O carry-over mundial de soja, conforme o USDA, não deverá ultrapassar o nível de 16,1 milhões de toneladas e as atenções do mercado voltam-se para a situação na América Latina.
Os preços vigentes para o trigo, à época do plantio na safra passada; as previsões do USDA, de escassez mundial e estoques reduzidos, somados à política interna de estímulo ao plantio, conduziram o Brasil a expandir sua produção, numa perspectiva favorável à atividade.
A maior oferta mundial e a supersafra argentina de 16 milhões de toneladas provocaram queda nos preços internacionais, impactando fortemente os preços no mercado interno, exercendo pressão baixista. A tonelada, que chegou a ser comercializada a R$ 255,00 em junho, assinalou quedas sucessivas até atingir R$ 146,00 a tonelada, preço abaixo do preço mínimo de garantia. Entre agosto - início da colheita - e outubro, as cotações acumularam queda de 30%, passando de R$ 12,26 para R$ 8,64 a saca de 60 quilos.

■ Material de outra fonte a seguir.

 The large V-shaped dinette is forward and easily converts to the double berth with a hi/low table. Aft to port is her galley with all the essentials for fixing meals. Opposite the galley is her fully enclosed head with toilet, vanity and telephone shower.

O preço médio atual do trigo situou-se em R$ 11,85 a saca de 60 kg, correspondendo a R$ 197,50 a tonelada. O trigo nacional sofre a concorrência perversa do similar argentino, que tem vantagens tarifárias e prazo de pagamento de 180 a 360 dias.
O ano de 1996 não se mostrou favorável à cotonicultura nacional. O setor ainda se ressente de medidas de apoio e estabelecimento de salvaguardas para o produto nacional. O preço médio situou-se em R$ 7,31 a arroba, nível de preço considerado bom em decorrência de fatores como a baixa produção interna, estoques apertados e elevação do consumo de algodão em pluma.

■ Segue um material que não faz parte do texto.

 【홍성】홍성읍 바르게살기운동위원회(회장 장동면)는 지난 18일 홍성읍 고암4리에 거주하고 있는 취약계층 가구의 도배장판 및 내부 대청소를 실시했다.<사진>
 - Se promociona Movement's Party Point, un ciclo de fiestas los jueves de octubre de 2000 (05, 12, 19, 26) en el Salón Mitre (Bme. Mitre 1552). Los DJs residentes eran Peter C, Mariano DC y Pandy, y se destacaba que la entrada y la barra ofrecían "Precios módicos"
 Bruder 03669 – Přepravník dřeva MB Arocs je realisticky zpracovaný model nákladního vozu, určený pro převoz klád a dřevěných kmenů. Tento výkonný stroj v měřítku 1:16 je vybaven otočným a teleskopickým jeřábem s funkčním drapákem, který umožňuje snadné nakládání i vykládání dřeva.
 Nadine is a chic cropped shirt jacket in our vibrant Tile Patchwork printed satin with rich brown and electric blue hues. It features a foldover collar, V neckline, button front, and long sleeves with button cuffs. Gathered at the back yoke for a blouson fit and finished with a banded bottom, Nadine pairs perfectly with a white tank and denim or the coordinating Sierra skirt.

A cotonicultura, além dos problemas estruturais - queda na produção, custos elevados e descapitalização, defronta-se com os efeitos para trás, os quais, em se tratando de cultura com utilização intensiva de mão-de-obra, mostra um cenário extremamente desalentador. O número de emprego no período 1991-1992 indicou decréscimo de 200 mil postos. As intenções de plantio para a próxima safra sinalizaram com redução da área plantada, em torno de 61%, caindo de 182.730 hectares para 70.700 hectares.
No caso do milho, os preços internos mostraram evolução, porém em ritmo mais lento. Os produtores, frente às sinalizações de escassez mundial e no mercado doméstico, passaram a reter o produto, exercendo pressão sobre os preços. A partir de novembro, verificaram-se quedas acentuadas nas cotações, desempenho atípico ao comportamento sazonal de entressafra. O preço médio anual situou-se em R$ 7,83 a saca de 60 kg, revelando-se 17% superior ao preço mínimo estabelecido de R$ 6,70 a saca de 60 kg.
O arroz apontou recuperação das cotações relativamente a 1995. O endividamento dos agricultores e as dificuldades na obtenção de crédito foram as principais determinantes para redução da área plantada no Estado. O feijão de cor indicou preço cerca de 46% acima do preço mínimo de garantia, propiciando aos produtores maior renda bruta.
A avicultura indicou menor taxa de crescimento, haja vista estar procurando ajustar-se às condições de mercado, mantendo a produção em nível constante e aumentando as exportações. A suinocultura experimentou períodos difíceis, acumulando prejuízos nos primeiros meses, em função dos elevados custos de produção face ao peso relativo do milho e da soja. O enxugamento do plantel, com redução dos estoques, aliado ao aumento da demanda sazonal de inverno, possibilitou recuperação de preços.
As cotações da arroba do boi gordo permaneceram, praticamente, as mesmas realizadas em 1995, significando um ano de baixa de preços, com margens de lucratividade menores. O preço médio anual situou-se em R$ 22,16 a arroba.
O Paraná vem perdendo vantagens competitivas e mercado nas diferentes etapas da cadeia produtivas da pecuária de corte, além de sofrer a concorrência do Mercosul para o boi em pé e carnes.
A autora é economista da Federação da Agricultura do Estado do Paraná (Faep).